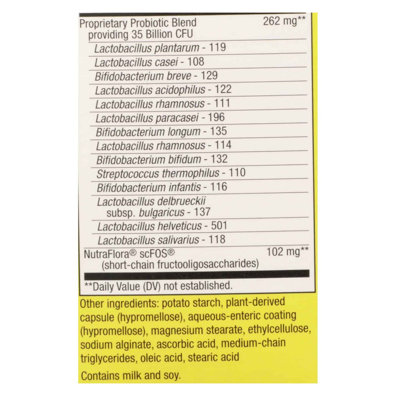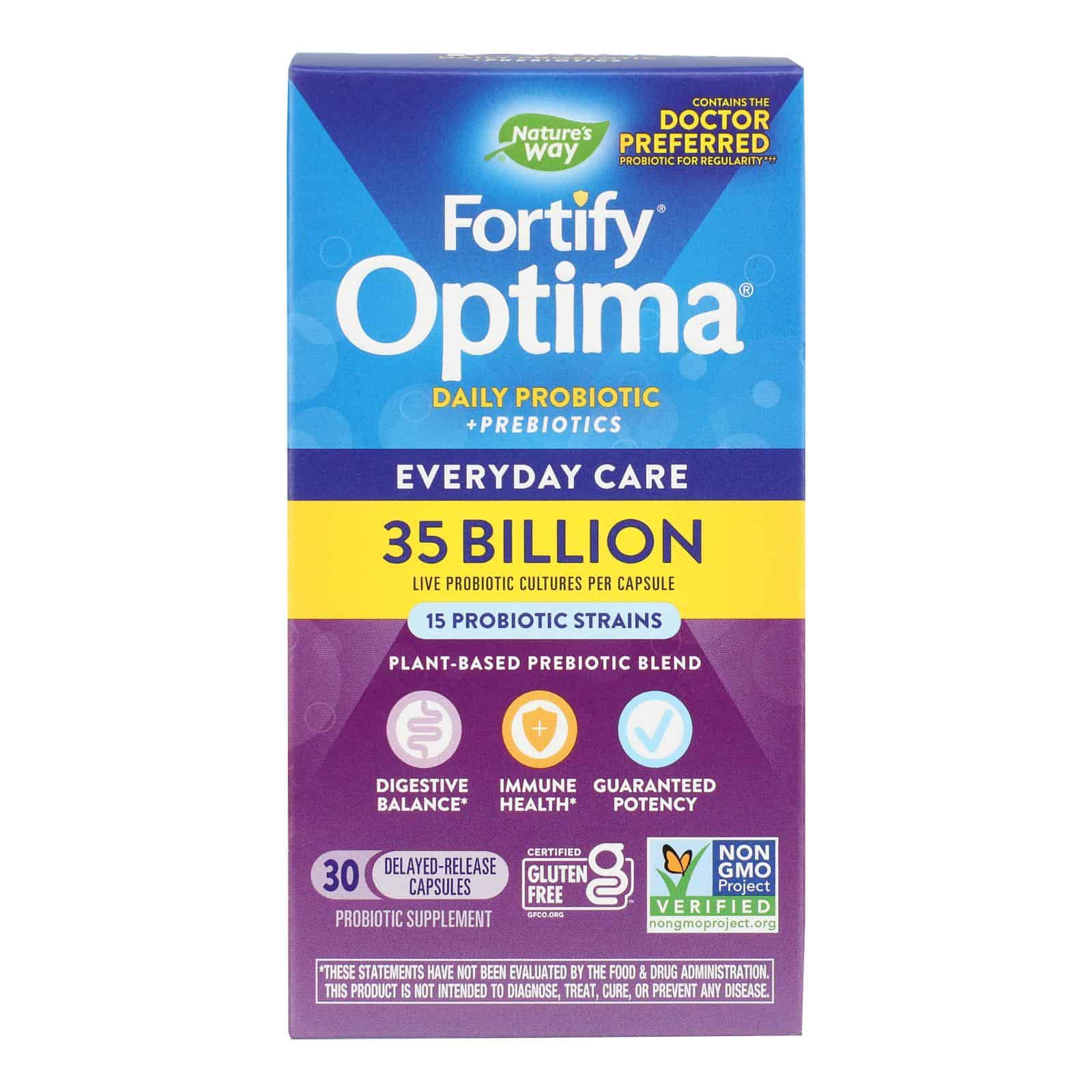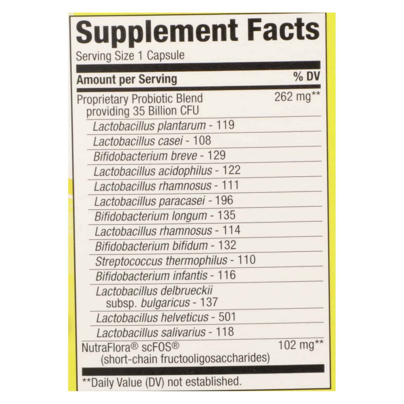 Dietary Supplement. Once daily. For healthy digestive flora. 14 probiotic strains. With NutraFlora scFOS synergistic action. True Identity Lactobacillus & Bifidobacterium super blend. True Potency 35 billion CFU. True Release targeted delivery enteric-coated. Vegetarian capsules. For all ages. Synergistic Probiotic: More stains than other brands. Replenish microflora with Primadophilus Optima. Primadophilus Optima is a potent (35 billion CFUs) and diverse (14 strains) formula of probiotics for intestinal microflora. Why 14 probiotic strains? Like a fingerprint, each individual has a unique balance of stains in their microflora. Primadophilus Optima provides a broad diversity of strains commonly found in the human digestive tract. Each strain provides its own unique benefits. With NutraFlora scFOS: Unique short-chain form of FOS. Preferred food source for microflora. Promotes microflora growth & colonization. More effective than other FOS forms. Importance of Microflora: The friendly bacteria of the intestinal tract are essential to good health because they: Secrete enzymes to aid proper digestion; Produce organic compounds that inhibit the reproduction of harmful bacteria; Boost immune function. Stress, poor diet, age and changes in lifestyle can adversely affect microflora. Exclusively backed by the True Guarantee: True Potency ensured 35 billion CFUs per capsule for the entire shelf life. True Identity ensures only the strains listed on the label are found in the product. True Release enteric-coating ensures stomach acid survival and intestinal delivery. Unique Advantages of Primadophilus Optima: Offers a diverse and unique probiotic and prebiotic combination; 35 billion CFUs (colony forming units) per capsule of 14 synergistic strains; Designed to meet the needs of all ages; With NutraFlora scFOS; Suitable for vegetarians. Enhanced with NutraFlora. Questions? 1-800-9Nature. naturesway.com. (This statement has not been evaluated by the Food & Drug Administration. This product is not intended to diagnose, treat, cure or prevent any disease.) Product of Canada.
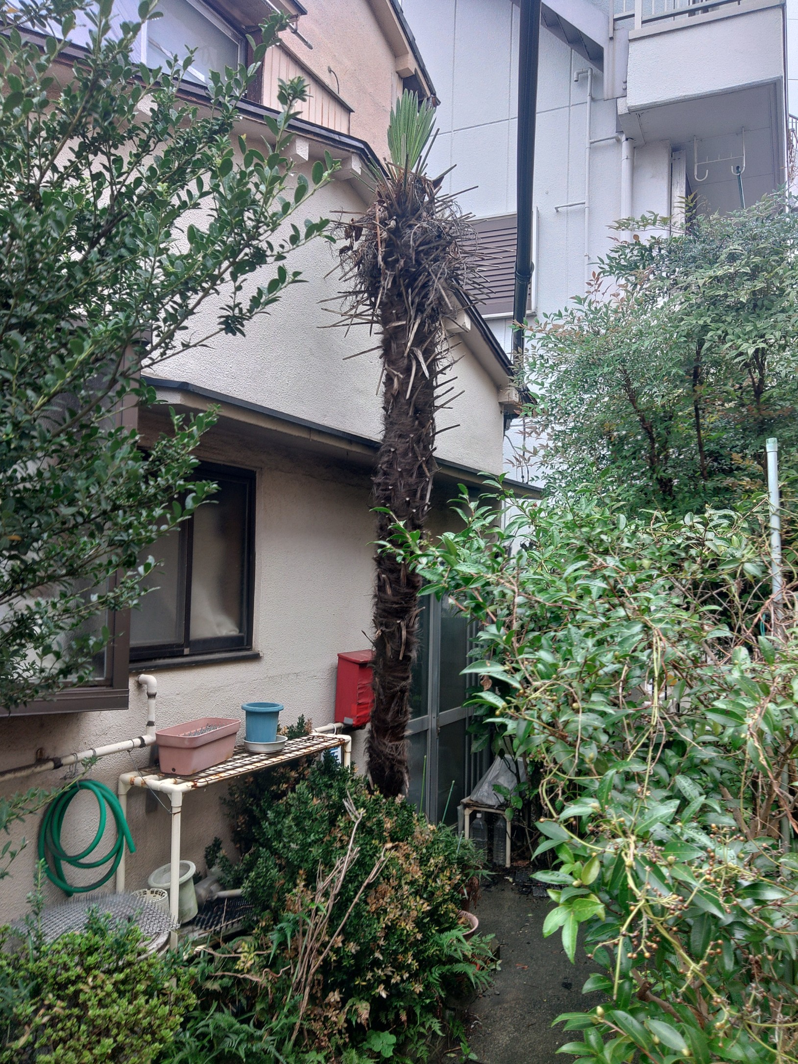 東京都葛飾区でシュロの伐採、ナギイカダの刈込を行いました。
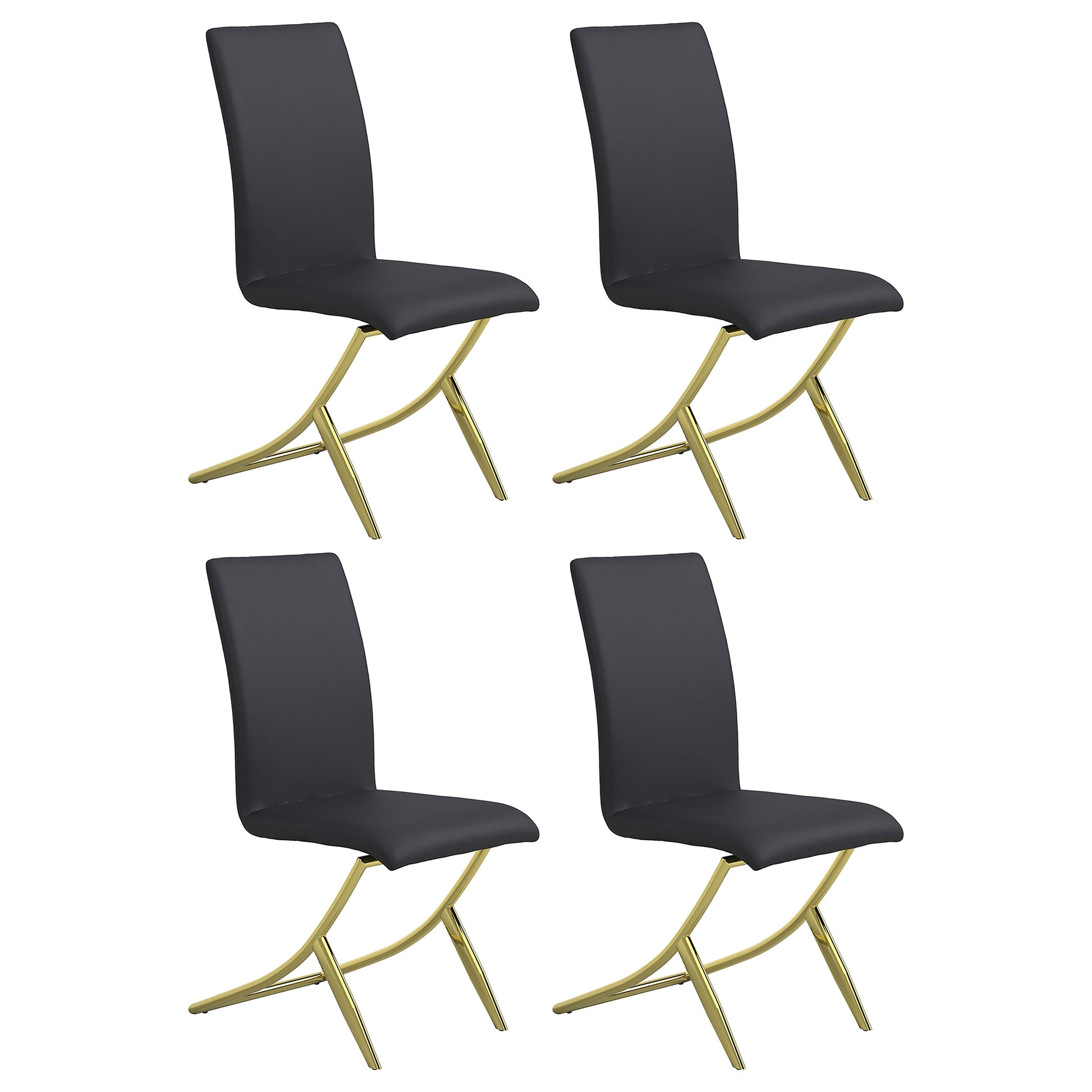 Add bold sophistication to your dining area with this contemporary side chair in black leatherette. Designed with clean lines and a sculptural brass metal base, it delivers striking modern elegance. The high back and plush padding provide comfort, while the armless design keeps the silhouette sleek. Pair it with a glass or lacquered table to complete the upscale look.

==

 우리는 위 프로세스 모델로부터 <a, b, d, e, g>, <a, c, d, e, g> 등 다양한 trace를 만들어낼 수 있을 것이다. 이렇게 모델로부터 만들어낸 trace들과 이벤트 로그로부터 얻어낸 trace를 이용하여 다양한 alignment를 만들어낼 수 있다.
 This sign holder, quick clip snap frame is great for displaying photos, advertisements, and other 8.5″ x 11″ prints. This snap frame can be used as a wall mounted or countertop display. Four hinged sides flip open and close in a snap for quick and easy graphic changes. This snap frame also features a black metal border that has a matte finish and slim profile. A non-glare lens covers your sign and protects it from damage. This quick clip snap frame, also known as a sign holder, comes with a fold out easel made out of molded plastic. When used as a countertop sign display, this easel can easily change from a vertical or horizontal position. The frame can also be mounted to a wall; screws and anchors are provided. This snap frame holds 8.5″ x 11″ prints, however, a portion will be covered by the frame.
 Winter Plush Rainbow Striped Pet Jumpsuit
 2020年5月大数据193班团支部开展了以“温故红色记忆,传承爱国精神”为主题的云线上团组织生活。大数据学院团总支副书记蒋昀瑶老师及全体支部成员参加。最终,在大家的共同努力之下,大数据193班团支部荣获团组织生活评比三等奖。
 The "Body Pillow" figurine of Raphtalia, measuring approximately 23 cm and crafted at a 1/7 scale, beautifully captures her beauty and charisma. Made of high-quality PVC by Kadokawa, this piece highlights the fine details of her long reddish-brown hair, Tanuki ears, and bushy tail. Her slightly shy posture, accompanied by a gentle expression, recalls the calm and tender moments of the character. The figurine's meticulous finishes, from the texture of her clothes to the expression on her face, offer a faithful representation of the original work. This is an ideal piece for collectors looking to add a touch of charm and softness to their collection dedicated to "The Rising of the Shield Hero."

What you are asked to do >>
Please output the lines of the listing above that fall in the stretch from the one with "This sign holder, quick" through the one with "2020年5月大数据193班", exactly and only those.

Expected answer >>
 This sign holder, quick clip snap frame is great for displaying photos, advertisements, and other 8.5″ x 11″ prints. This snap frame can be used as a wall mounted or countertop display. Four hinged sides flip open and close in a snap for quick and easy graphic changes. This snap frame also features a black metal border that has a matte finish and slim profile. A non-glare lens covers your sign and protects it from damage. This quick clip snap frame, also known as a sign holder, comes with a fold out easel made out of molded plastic. When used as a countertop sign display, this easel can easily change from a vertical or horizontal position. The frame can also be mounted to a wall; screws and anchors are provided. This snap frame holds 8.5″ x 11″ prints, however, a portion will be covered by the frame.
 Winter Plush Rainbow Striped Pet Jumpsuit
 2020年5月大数据193班团支部开展了以“温故红色记忆,传承爱国精神”为主题的云线上团组织生活。大数据学院团总支副书记蒋昀瑶老师及全体支部成员参加。最终,在大家的共同努力之下,大数据193班团支部荣获团组织生活评比三等奖。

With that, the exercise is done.